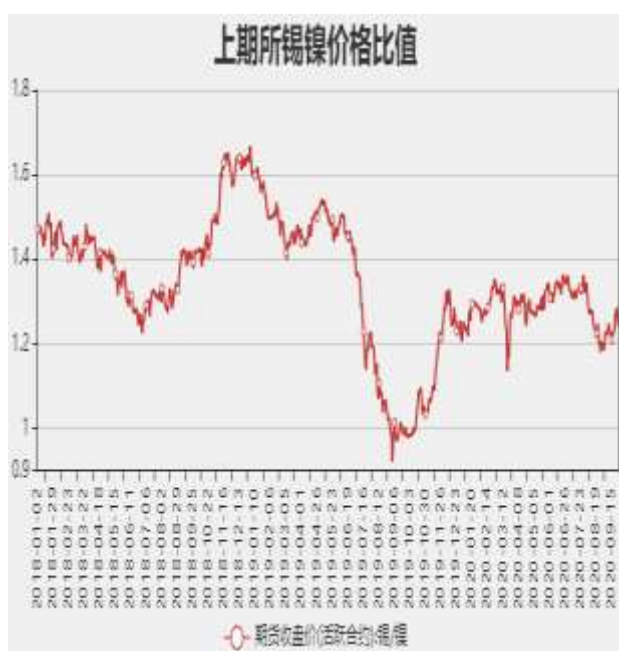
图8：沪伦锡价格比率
###
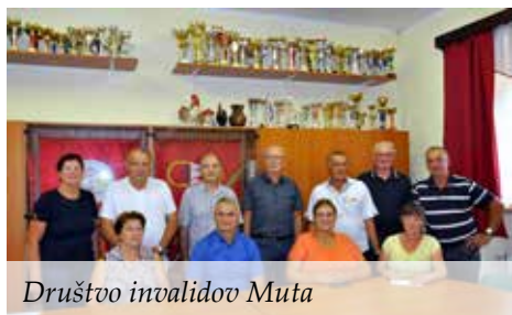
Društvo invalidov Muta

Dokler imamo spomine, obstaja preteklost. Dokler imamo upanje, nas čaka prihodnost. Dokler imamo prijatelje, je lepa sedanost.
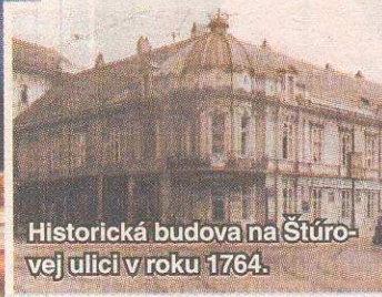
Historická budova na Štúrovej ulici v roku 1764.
###
* [Assignment] In the records above, copy exactly everything from the line that has "Dokler imamo spomine, obstaja" down to the line that has "Historická budova na", both ends included, and leave out the pictures.

* [Answer to the problem]
Dokler imamo spomine, obstaja preteklost. Dokler imamo upanje, nas čaka prihodnost. Dokler imamo prijatelje, je lepa sedanost.
Historická budova na Štúrovej ulici v roku 1764.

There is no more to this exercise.